== Your instructions ==
No picture belongs in the answer, which must hold exactly the lines from the one with "塔圖姆本賽季復出的11場比賽" through the final line below.

== Data extract ==

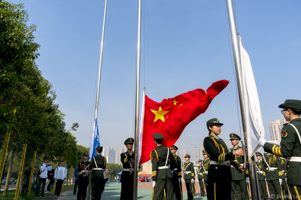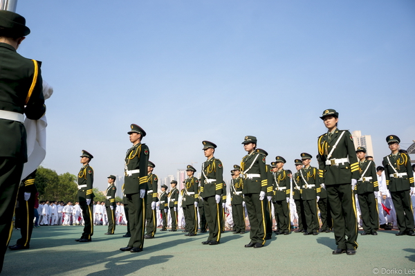 熱浪席卷運(yùn)動(dòng)會(huì)賽場(chǎng),所到陰涼之處盡是人群,唯有一支來(lái)自我校的國(guó)旗護(hù)衛(wèi)隊(duì),由32名隊(duì)員組成的他們,無(wú)人缺席。他們一一身著整齊的制服,將自己昂首挺胸的身姿立于烈日之下。
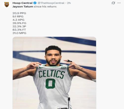 塔圖姆本賽季復出的11場比賽綠凱拿到9勝2負,塔圖姆場均31分鐘,拿到20.9分9.1籃板4.2助攻1.1搶斷0.2蓋帽,命中率39.9%,三分命中率32.3%,雖然效率還是不佳但數據已經恢復到接近20+10+5。
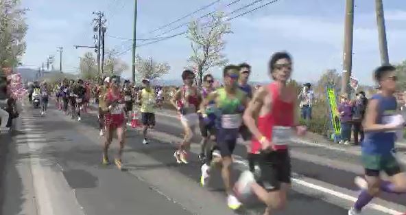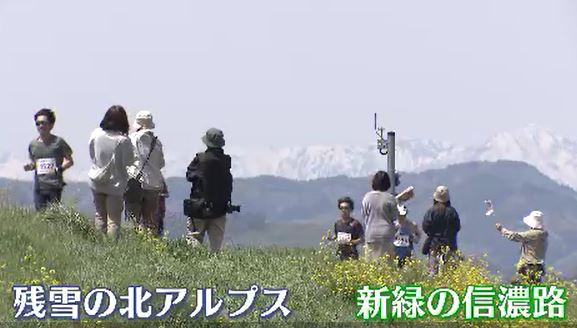快晴に恵まれ、ランナーは残雪の北アルプスを望みながら、新緑の信濃路を満喫していました。

== Output below ==
 塔圖姆本賽季復出的11場比賽綠凱拿到9勝2負,塔圖姆場均31分鐘,拿到20.9分9.1籃板4.2助攻1.1搶斷0.2蓋帽,命中率39.9%,三分命中率32.3%,雖然效率還是不佳但數據已經恢復到接近20+10+5。
快晴に恵まれ、ランナーは残雪の北アルプスを望みながら、新緑の信濃路を満喫していました。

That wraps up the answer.